In 2008 BCCI came up with an idea of a T20 league based on the format of English football where players from different nations come together and play for the same side.
In 2008 BCCI came up with an idea of a T20 league based on the format of English football where players from different nations come together and play for the same side. Not too many people tipped this to be successful and their reasons were quite understandable. For years, cricket was seen as gentlemen’s game and suddenly, we had teams being sold and players being bid for. Amid criticism, the IPL finally started and in the inaugural match, Sourav Ganguly’s Kolkata Knight Riders took on Rahul Dravid’s Royal Challengers Bangalore.
With the ball in hand were two Indian fast bowlers, Praveen Kumar and Zaheer Khan while on strike was New Zealand’s Brendon McCullum. The crowd at M Chinnaswamy stadium had no idea what they were going to witness. McCullum smoked the bowlers all around the park. He was the synonym of destruction that day smashing 13 sixes and 10 fours and raced his way to 158 runs from 73 balls. For the first time, the crowd was cheering as two Indians were being thrashed by an overseas batsman. The importance of that innings reflects in the fact that second highest individual score of that match was 20 by Ricky Ponting.

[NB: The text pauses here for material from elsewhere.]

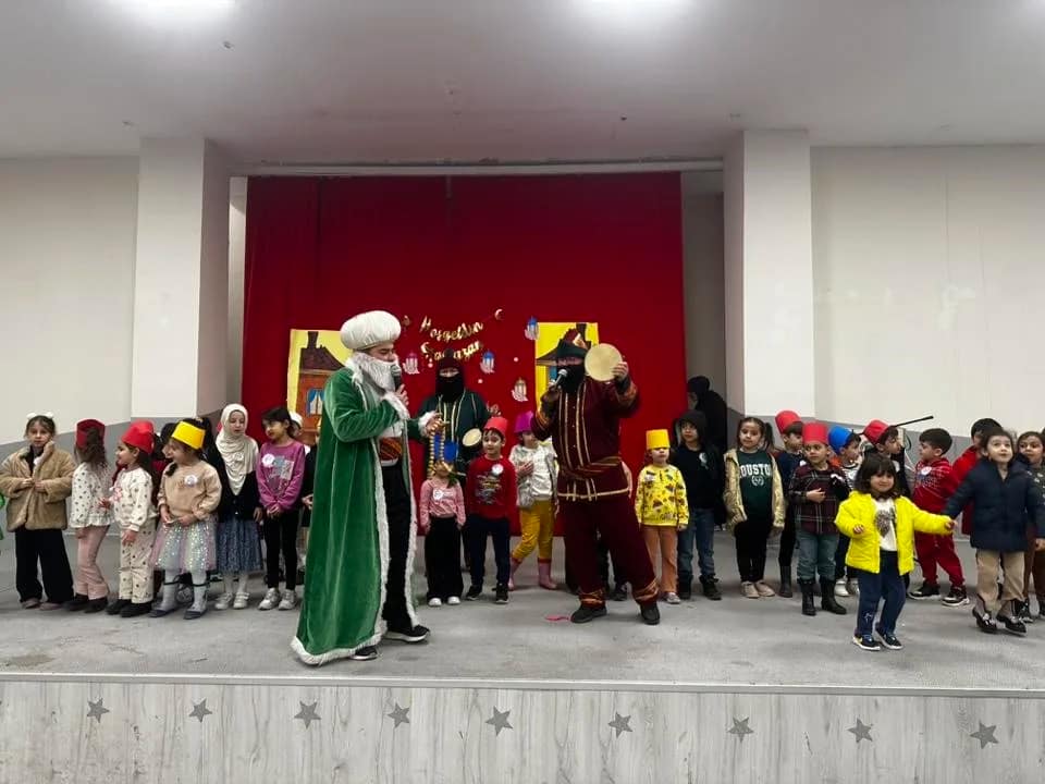 Geleneksel Türk gölge oyununun sevilen karakterleri Hacivat ve Karagöz ile mizahın simgesi Nasreddin Hocanın sahne aldığı gösteriler, çocuklar tarafından ilgiyle takip edildi. Program boyunca miniklerin kahkahaları salona renk kattı.

The elder generation had seen the likes of Sir Vivian Richards and Gordon Greenidge, the younger generation had heard the legends of Sanath Jayasuriya and Shahid Afridi but neither of them had seen something as fascinating as Brendon McCullum’s knock on that day. The Sachin Tendulkar style straight drives were missing, he didn’t play any typical Brian Lara cut shots and there were no Azharuddin flicks either yet that innings was very special for different reasons. To hit the ball so hard for so long and with such precision was special. It was a unique innings by the former Kiwi captain.
Suddenly, India had the entire world’s attention. The cricket boards who opposed this idea wanted their players to be a part of it, the experts who criticised IPl were sitting in the panels and the players who thought of giving it a skip kept reducing in numbers. The Indian Premier League opened doors for many other tournaments of the same format. However, none of them could replicate the success.
The thrill and excitement of IPL is unparalleled and unmatched. Even the thought of watching Chris Gayle and Virat Kohli open the batting followed by Ab De Villiers is enough to make you sit right at the edge of your seat. As we enter the 10th season of IPL, a lot has changed in terms of strategies, players’ approach and team combinations but the impact this tournament has had on cricket is unbelievable.
IPL deserves some credit for more 400+ scores in ODIs and a far more aggressive approach in Test cricket. These days even 350 score is not considered safe in 50-over format and it has to do a lot the way batsmen bat in T20s. All of this and a lot more changed when Brendon McCullum took stance on 20th April 2008 and decided to go all out. That one knock certainly changed cricket forever.